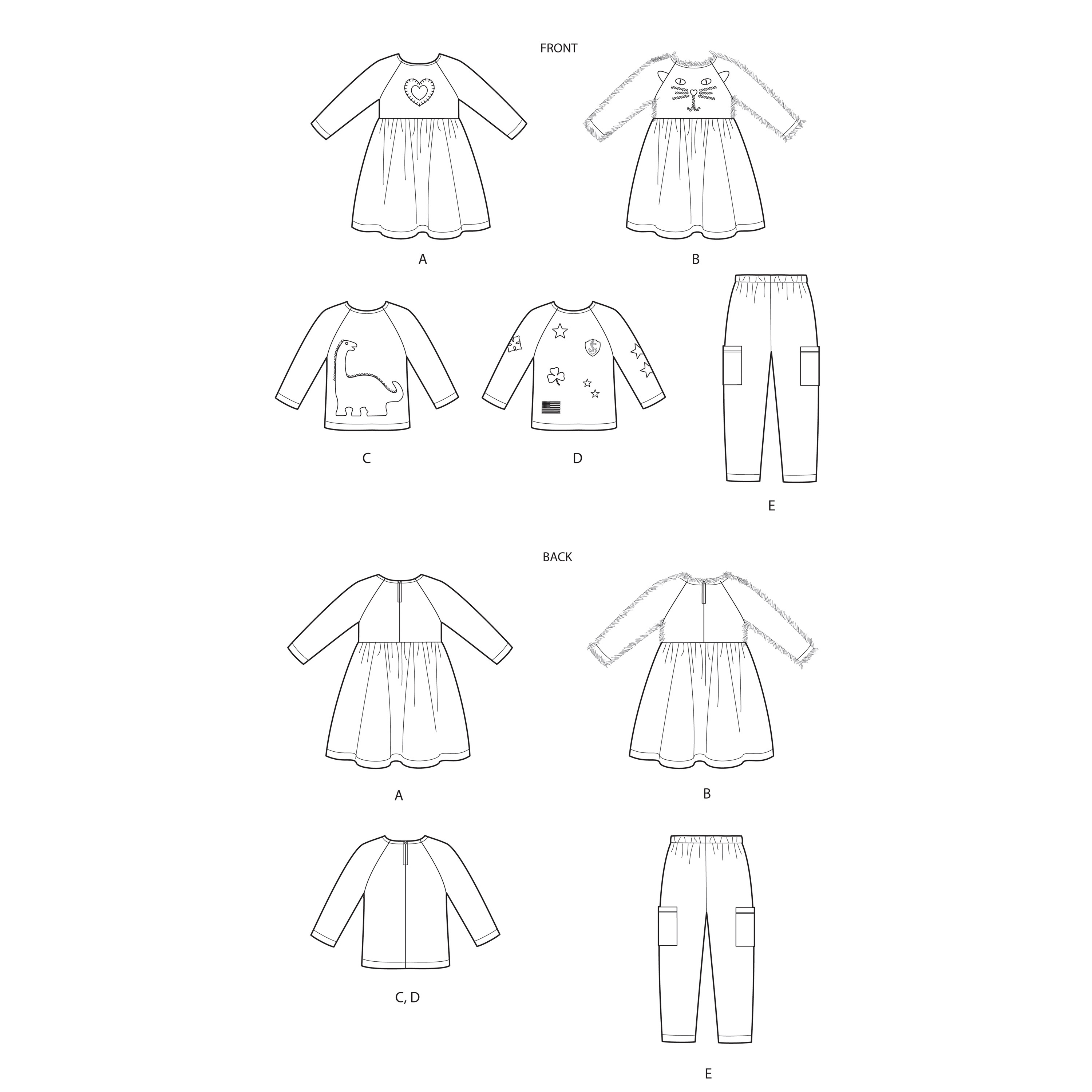 Dresses and tops are pull-on with appliqué dinosaur, shapes or cat-face with cute ears. Pants are pull-on with elastic waist and side 'cargo’ pockets. Not suitable for sleepwear.
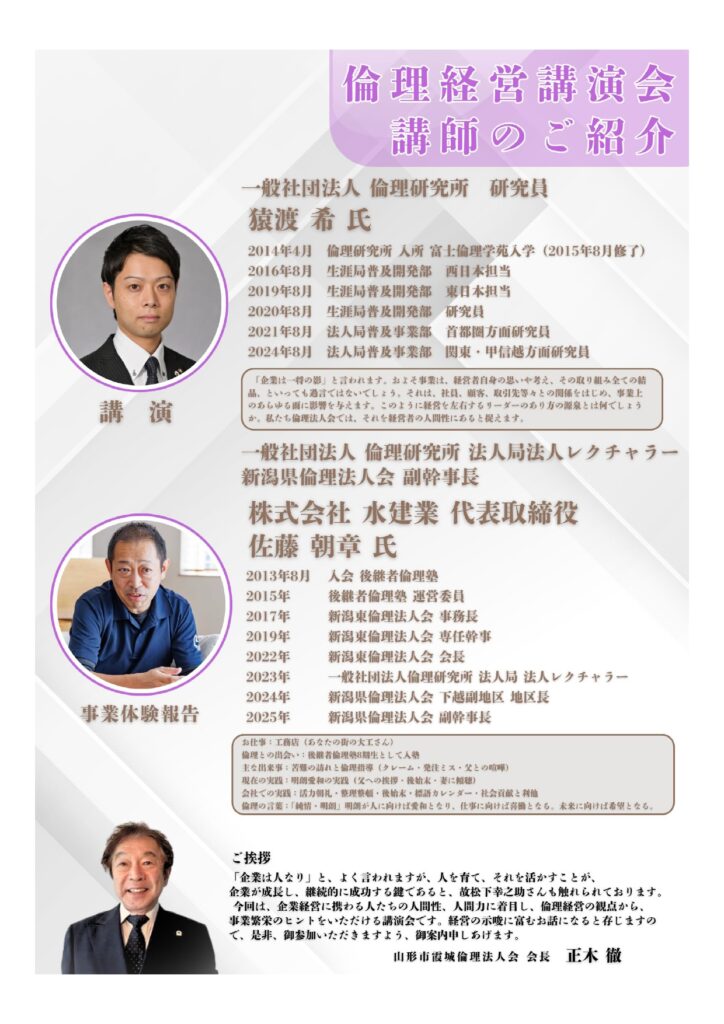 令和8年度倫理経営講演会 企業は人なり〜経営者が変われば会社は変わる〜
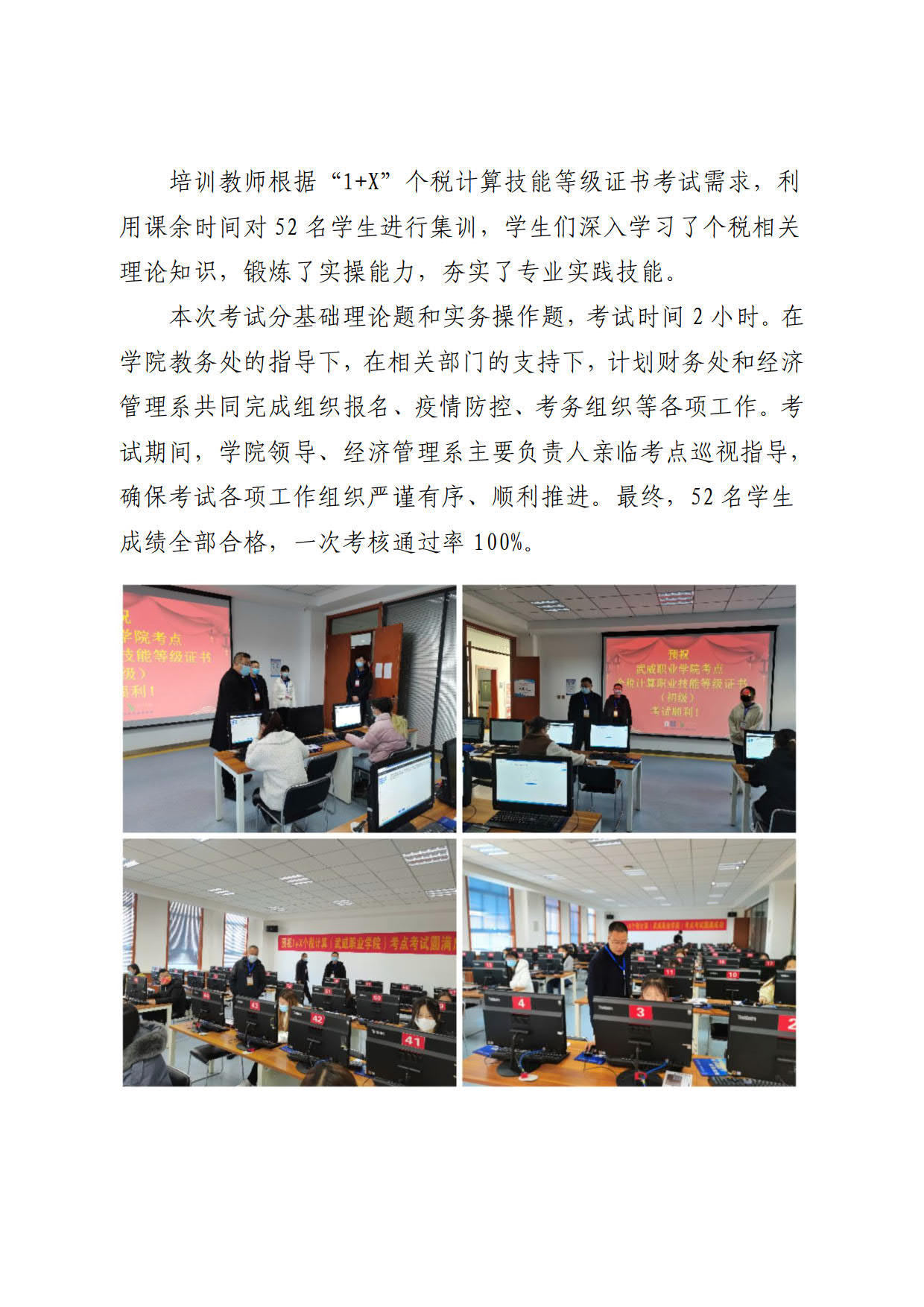 學院“1+X”個稅計算職業(yè)技能考試以100%的通過率圓滿完成
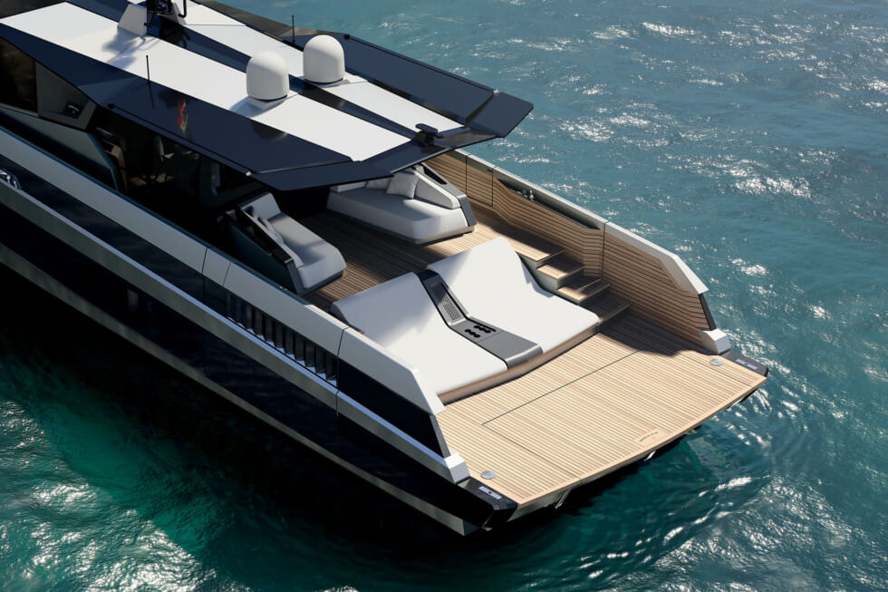 The shipyard positions the helm slightly forward which in turn delivers a larger aft section. There you’ll find fold-out terraces, a hydraulic platform for tenders and water toys, and a hydraulic ladder to access the waters.

++++++++

**Task goal:**
Without including any picture, reproduce all of the material exactly.

**Problem solution:**
 Dresses and tops are pull-on with appliqué dinosaur, shapes or cat-face with cute ears. Pants are pull-on with elastic waist and side 'cargo’ pockets. Not suitable for sleepwear.
 令和8年度倫理経営講演会 企業は人なり〜経営者が変われば会社は変わる〜
 學院“1+X”個稅計算職業(yè)技能考試以100%的通過率圓滿完成
 The shipyard positions the helm slightly forward which in turn delivers a larger aft section. There you’ll find fold-out terraces, a hydraulic platform for tenders and water toys, and a hydraulic ladder to access the waters.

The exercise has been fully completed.